The rule requires any business that could be considered a creditor, including healthcare providers, to develop, implement and administer an identity theft prevention program designed to detect signs, referred to as "red flags," of identity theft, as well as to prevent and mitigate it.

ASCs were tasked with developing and implementing these identity theft prevention policies and procedures. According to Mr. Yerden, increased compliance issues, many which were supposed to go into effect in 2009, such as the Red Flags Rule, Medicare's Conditions for Coverage and additional HIPAA guidelines, represent an increasing burden for ASCs as the number of compliance regulations continues to grow. Adherence to these guidelines requires a significant effort on the part of an ASC administrator and can take away from the time an administrator can put toward improving quality of care and financial performance, he says.

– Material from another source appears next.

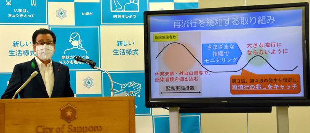 札幌市長秋元克廣在記者會上談今后防疫措施。(圖片來源:日本《朝日新聞》網站)
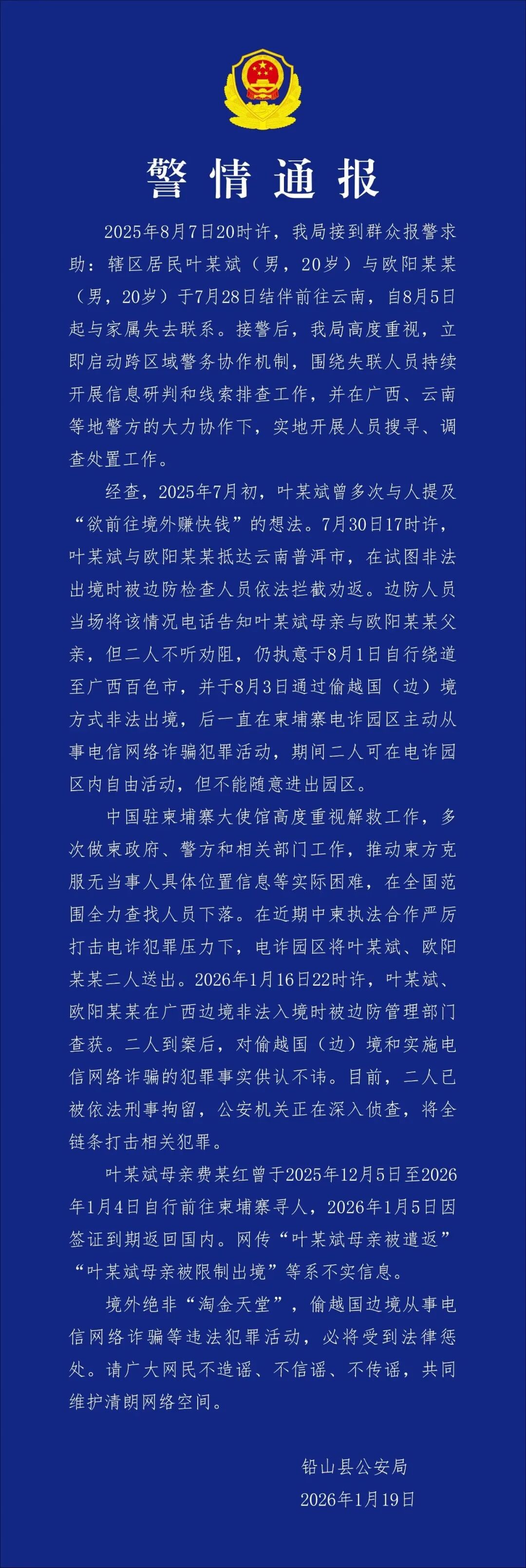 近期,男子叶文斌在柬埔寨失联、其母前往柬埔寨寻子,持续引发关注。1月19日,江西省上饶市铅山县公安局就此事发布警情通报。

On July 39, 2009, just three days before the Red Flags Rule was set to go into effect, the FTC announced that it would delay its enforcement until Nov. 1, 2009, and on Oct. 30, 2009, the FTC again pushed back the enforcement date until June 1, 2010. ASCs now have until next summer to comply with the Rule; however many facilities still spent considerable time and effort in 2009 preparing for a Rule that was repeatedly pushed back.

According to Ms. Brady, the Red Flags Rule is another example of regulations that have created more administrative and clerical work for ASCs. "I'm still collecting information on the Rule and attempting to get everything together so that we can implement procedures that comply with the Rule," she says.